When the Biden-era FCC revoked Starlink's $885 million rural broadband subsidy in 2022, Carr issued an extraordinary dissent accusing the agency of participating in a "growing list of administrative agencies that are taking action against Elon Musk's businesses." He characterized the revocation as part of an "unprecedented campaign of regulatory harassment" that had begun when President Biden remarked that Musk's activities were "worthy of being looked at." Carr defended SpaceX's interests repeatedly and publicly, to the point where Techdirt described him as behaving "like a dodgy used car salesman" for Starlink after he urged European allies to adopt the service, warning that the only alternative was "the CCP's version."
As chairman, Carr has awarded SpaceX federal radio spectrum and launched an investigation into EchoStar over 5G deployment requirements — an investigation that some observers interpreted as a mechanism to pressure EchoStar into yielding satellite spectrum to SpaceX. When Amazon filed a petition urging the FCC to reject SpaceX's application to launch up to one million low-Earth-orbit satellites, Carr publicly attacked Amazon, telling the company it "should focus on the fact that it will fall roughly 1,000 satellites short of meeting its upcoming deployment milestone." The FCC chairman was, in effect, acting as SpaceX's advocate against a competitor in a proceeding over which the FCC has adjudicatory authority.
None of this proves that the router ban was designed to benefit Starlink.
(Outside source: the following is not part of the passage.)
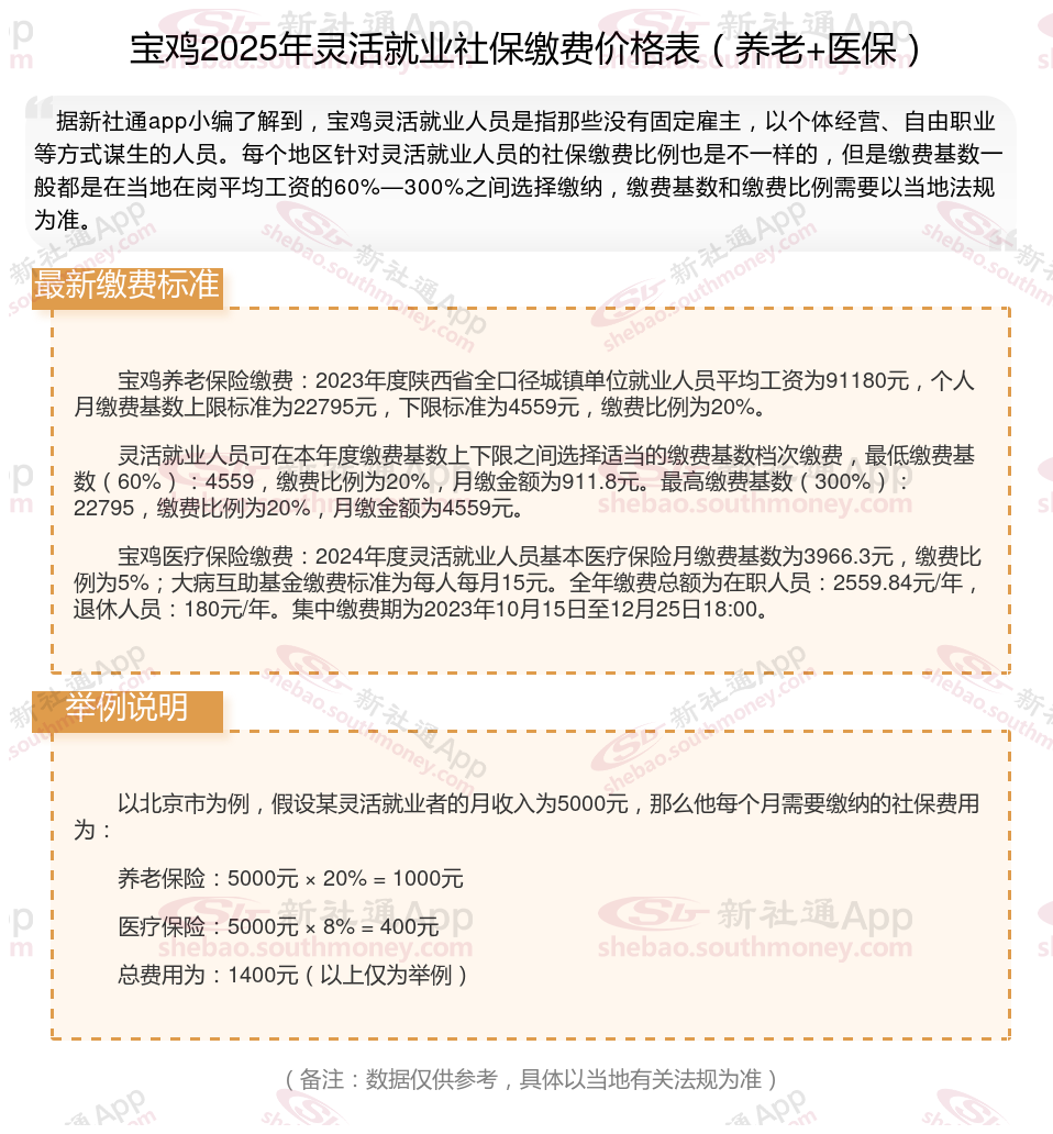 宝鸡灵活就业社保每月交多少钱?灵活就业社保养老/医保缴费标准(基数+比例)最新消息

Starlink's routers are, after all, satellite devices serving a different market segment than the typical home Wi-Fi router. But the structural advantage is real. Starlink is now the only consumer networking-equipment manufacturer in America that faces zero regulatory friction. Every competitor must navigate a conditional-approval process administered by the Department of Homeland Security — an agency with no institutional experience in consumer-electronics certification and no established framework for evaluating the security of networking hardware. The process is neither free nor fast. For companies operating at the margins of the American market, the cost and delay may prove prohibitive.
As of late April 2026, exactly three entities had cleared the process: Starlink (exempt by manufacture), Netgear (conditional approval granted April 15, expiring October 1, 2027), and Adtran, a small enterprise-focused firm. Eero, owned by Amazon, received approval on April 22. Everyone else — ASUS, TP-Link, Ubiquiti, Linksys, Google Nest, and the entire rest of the consumer-networking market — remained in limbo. The companies that had secured approval shared a common characteristic: they were either American-headquartered, politically well-connected, or both.
The conventional defense of the ban is that it addresses a genuine national-security threat, and this is true as far as it goes. The Typhoon campaigns were real. The exploitation of consumer routers as staging infrastructure for espionage and potential infrastructure disruption is documented and ongoing. But the particular instrument the FCC chose — a blanket geographic prohibition rather than enforceable security standards — is so poorly fitted to the stated problem that the mismatch invites structural suspicion.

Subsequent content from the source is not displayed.